*** Begin section ***

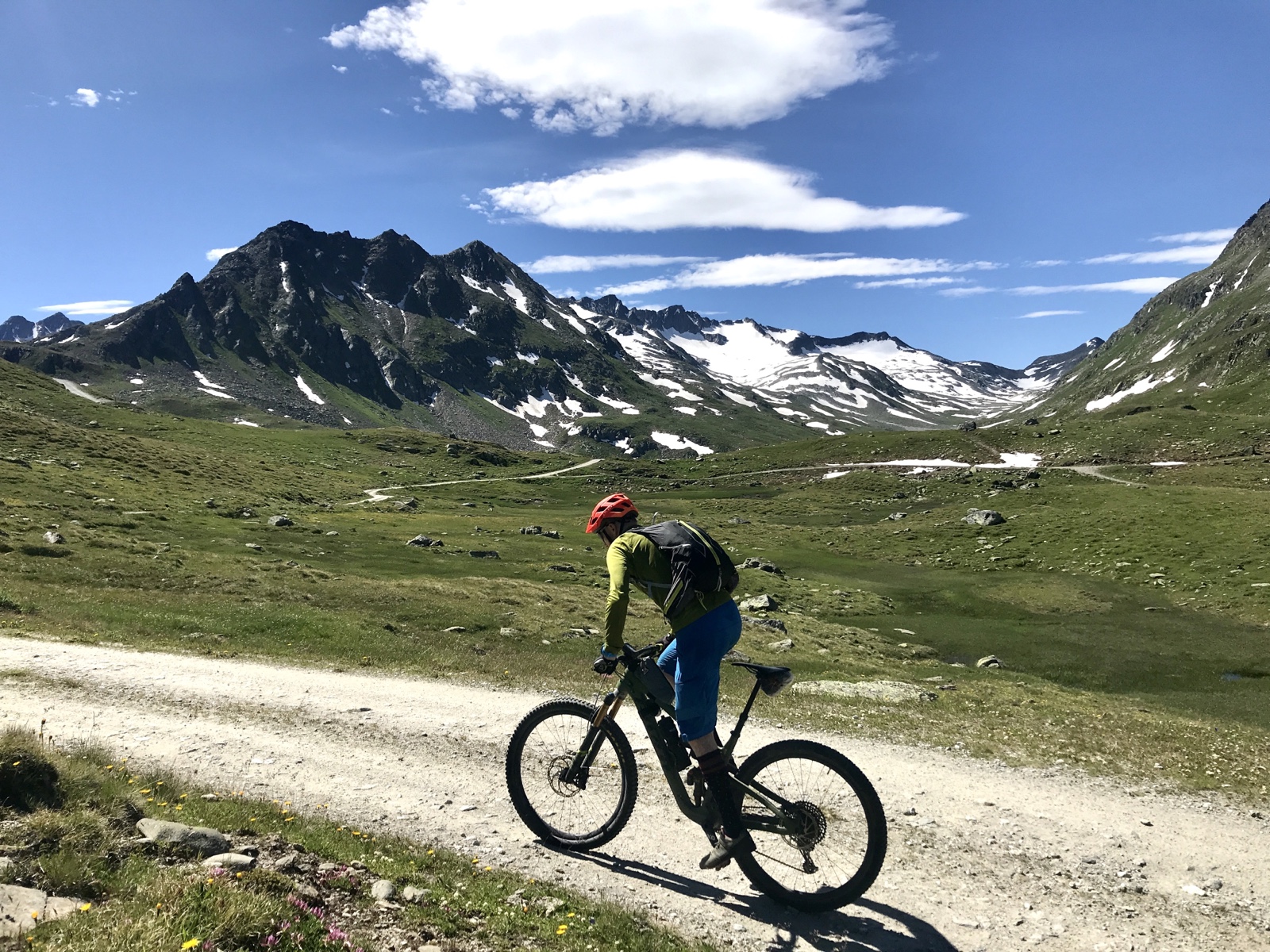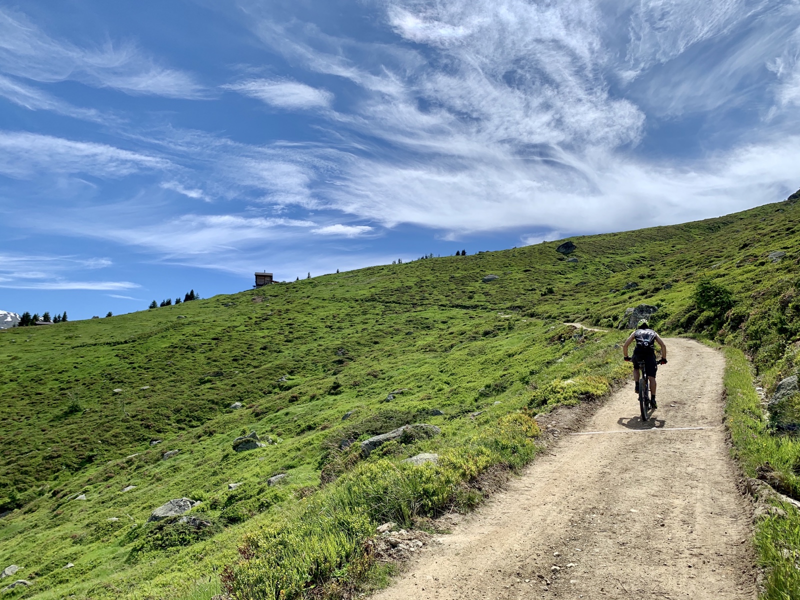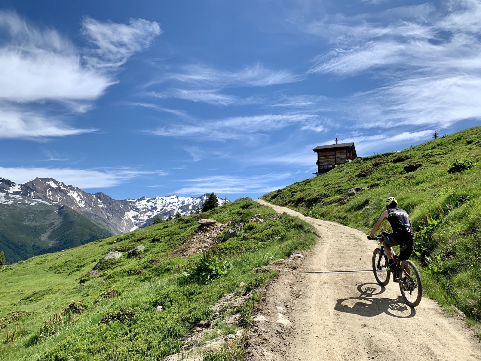 Nun, die 900 Höhenmeter zur Galmihornhütte absolvierten wir in zügigem Tempo. Einzig kurz ausgebremst vom Hüttenwart, welcher uns in seinem Subaru entgegen kam und unmissverständlich klar machte, dass er Vortritt habe und Biker absteigen und ins abschüssige Gelände fliehen müssten, wenn sie seinen Weg kreuzen würden.
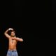 Rafael não precisa de muito em cena; o jogo está entre ele, o público e a iluminação.
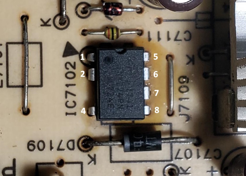 See attached photo for IC7102 Pinout with measured voltages. Using HOT ground. All DC.
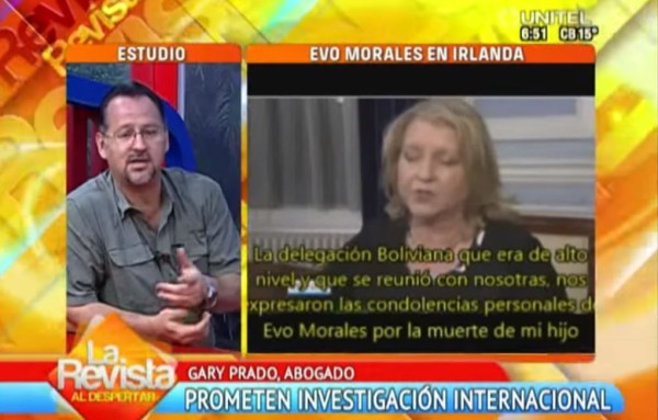 Gary Prado, abogado defensor de uno de los involucrados en el Caso Terrorismo, estuvo en La Revista donde señaló que para que se pueda desarrollar una investigación internacional como la que prometió el canciller Choquehuanca a la madre de Michael Dwayer, se tendría que poner en duda lo que antes hizo Marcelo Sosa. Relevó que desde el año 2009 los resultados de la autopsia del irlandés están en manos de la cancillería, pero que ésta no la ha derivado a las instancias que corresponden.
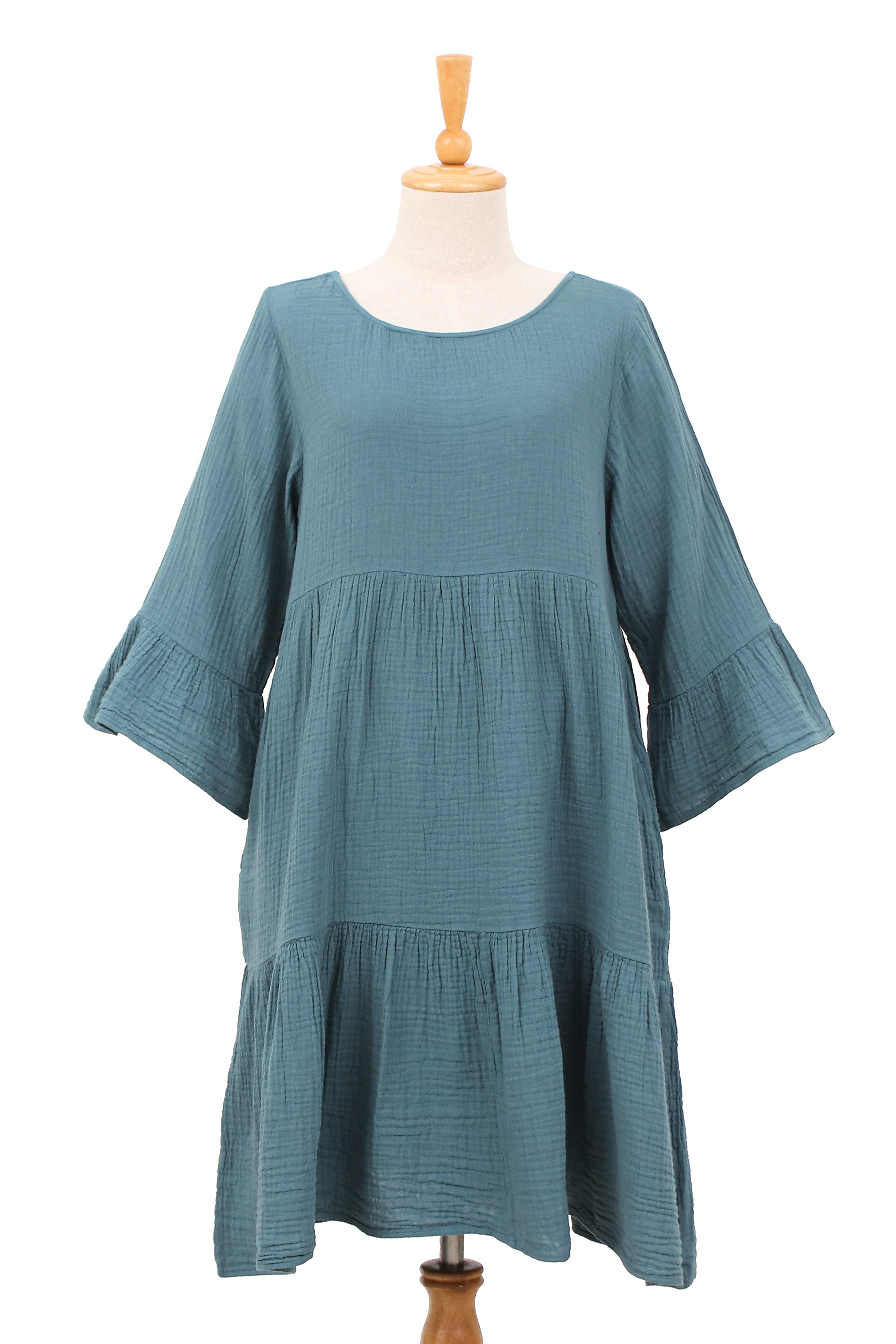 Double-Gauze Cotton Tunic Dress in a Teal Hue from Thailand, 'Teal Trends'

*** End section ***

» **Work order**
Exactly the lines from the one that contains "See attached photo" through the final line of the records above are needed, given again word for word, with every picture left out.

» **Solution to the exercise**
 See attached photo for IC7102 Pinout with measured voltages. Using HOT ground. All DC.
 Gary Prado, abogado defensor de uno de los involucrados en el Caso Terrorismo, estuvo en La Revista donde señaló que para que se pueda desarrollar una investigación internacional como la que prometió el canciller Choquehuanca a la madre de Michael Dwayer, se tendría que poner en duda lo que antes hizo Marcelo Sosa. Relevó que desde el año 2009 los resultados de la autopsia del irlandés están en manos de la cancillería, pero que ésta no la ha derivado a las instancias que corresponden.
 Double-Gauze Cotton Tunic Dress in a Teal Hue from Thailand, 'Teal Trends'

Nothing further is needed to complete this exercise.